在上述实施例中,对于如何执行步骤S102不做限定,本实施例中给出菜谱成分信息的一种可选的生成方式,可包括如下步骤:
获取目标菜谱文本样本集的每一个菜谱样本所包含的所有原始成分;对各原始成分进行数据合并处理,以将相同成分的数据合并至一起;统计合并后的各原始成分,确定每类成分对应的总数量;删除总数量小于预设数量阈值的原始成分,得到样本成分;基于各样本成分,生成主成分表。相应的,虚拟成分标签的生成过程可包括:将当前文本样本所包含的已有成分与主成分表的样本成分一一进行比对;对每个已有成分,若主成分表中的当前样本成分与当前已有成分相同,则将当前样本成分对应的位置元素设置为第一预设标识值;若主成分表中的当前样本成分与当前已有成分不相同,则将当前样本成分对应的位置元素设置为第二预设标识值;根据主成分表的每个样本成分对应的位置元素的值,生成虚拟成分标签。
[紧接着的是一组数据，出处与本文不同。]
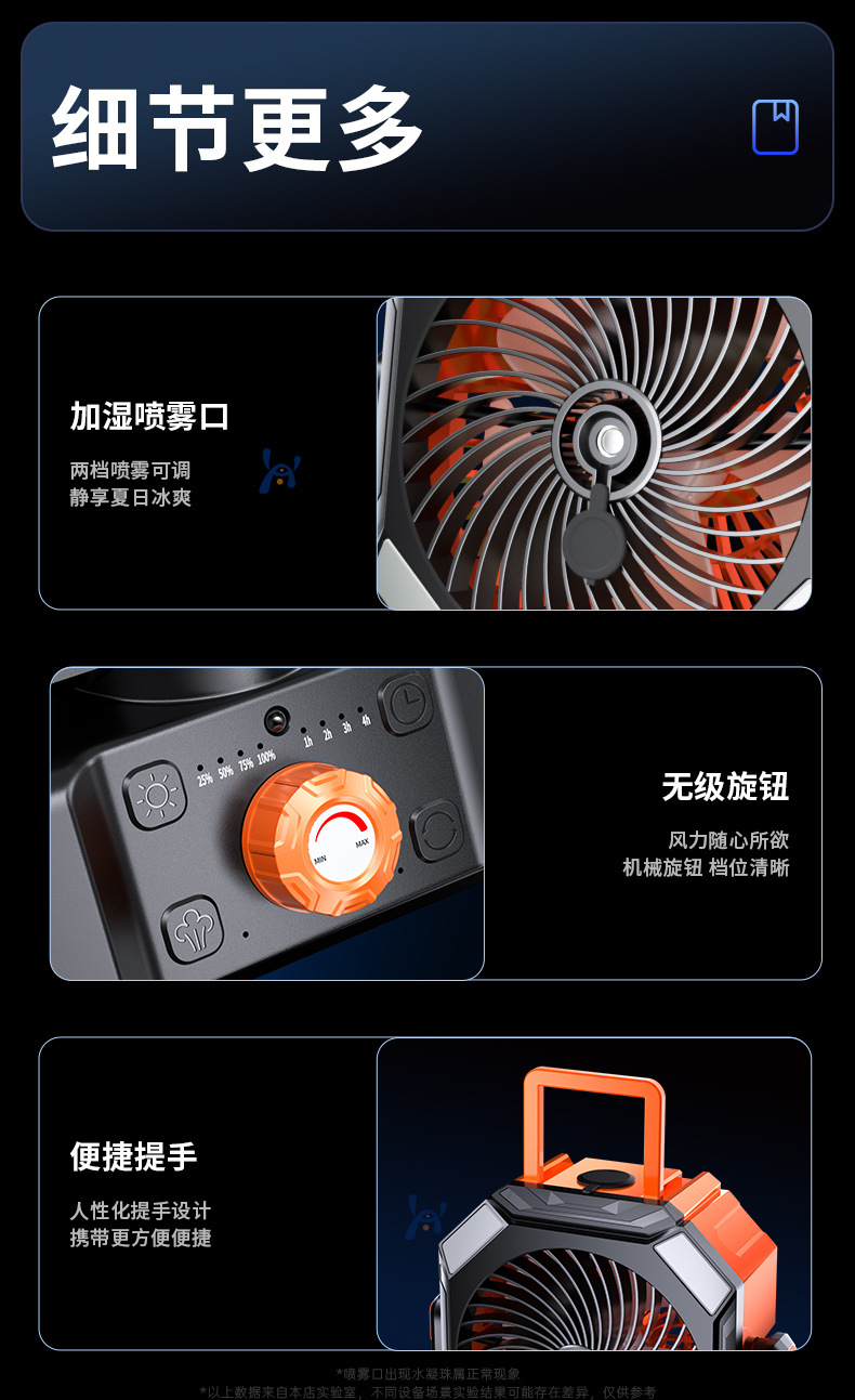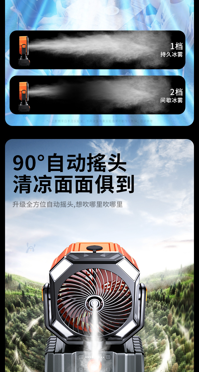 • 울트라 [바이브런트 오렌지] 10,000mAh/스프레이 가습/5단계 강력한 냉풍/5개의 팬 블레이드/서지 냉풍/조명 내장/조용한 소음 감소 0mAh

在一些实施例中,文本样本包括多种类型的数据,也即菜谱文本可包括成分、做菜步骤和菜名三种类型数据;为了便于描述,从菜谱样本读取的成分数据称为原始成分,通过数据合并和数据删除操作,从这些原始成分中选择的成分可称为样本成分。通过该实施例所列举的数据选择方式可将原始成分中不重要的数据去掉,提高整个数据处理效率。为了便于存储和检索,可将菜谱成分信息以表的形式表现,也即基于各样本成分生成主成分表。
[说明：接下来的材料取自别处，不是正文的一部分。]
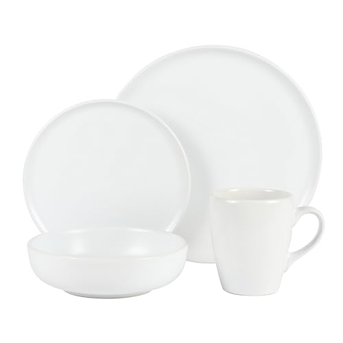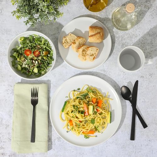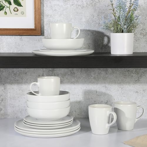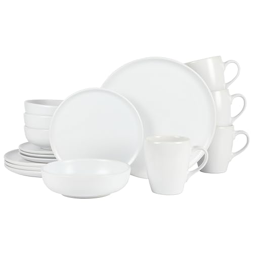 Gibson Home - Gibson Home Serenade 16 Piece Matte Stoneware Dinnerware Plates and Bowls Set – Made in Thailand - - Matte White

上述实施例对文本信息特征编码器的结构并不做任何限定,本实施例还给出文本信息特征编码器的一种可选的结构,可包括下述内容:
文本信息特征编码器可包括输入层、文本特征提取层和输出数据处理层;输入层包括文本数据输入单元和成分识别标志输入单元;文本数据输入单元包括菜名输入单元、菜谱步骤输入单元和成分输入单元,用于依次输入训练样本集的各文本样本的不同类型数据;成分识别标志输入单元用于输入用于标识执行主动学习成分信息任务的标志位。文本特征提取层为基于转换器的双向编码器,用于对输入层输出信息进行特征提取;输出数据处理层,用于基于标志位,主动学习文本特征提取层所提取的主成分特征对应的虚拟成分标签,并基于虚拟成分标签和成分预测置信阈值确定当前文本样本的当前菜谱文本特征。
在一些实施例中,对于输入层来说,可设置多个输入位,不同输入位对应不同的输入数据,若文本数据有多类,文本数据输入单元对应包括多个输入位,不同输入位对应不同数据类型的数据,以文本数据为菜谱文本为例,菜谱文本包括做菜步骤数据、成分数据和菜名数据,相应的,文本数据输入单元可包括做菜步骤的数据的输入位、成分的数据的输入位和菜名的数据的输入位,如图2中的最底层部分。用于标识执行主动学习成分信息任务的标志位可根据实际需求灵活选择,例如可使用CLS作为该标志位。成分识别标志输入单元用于输入该标志位,如果当前执行任务需要进行主动学习任务,也即需要进行主动学习式分类。那么成分识别标志输入单元输入相应的标志位,但如果当前执行任务不需要进行主动学习任务,那么成分识别标志输入单元就不输入相应的标志位,或者是输入标识不执行主动学习任 务的另一种指定标志位。对于模型的输入层,可直接输入一个列向量,向量的起始位置为标志位向量元素,后续为文本特征向量元素。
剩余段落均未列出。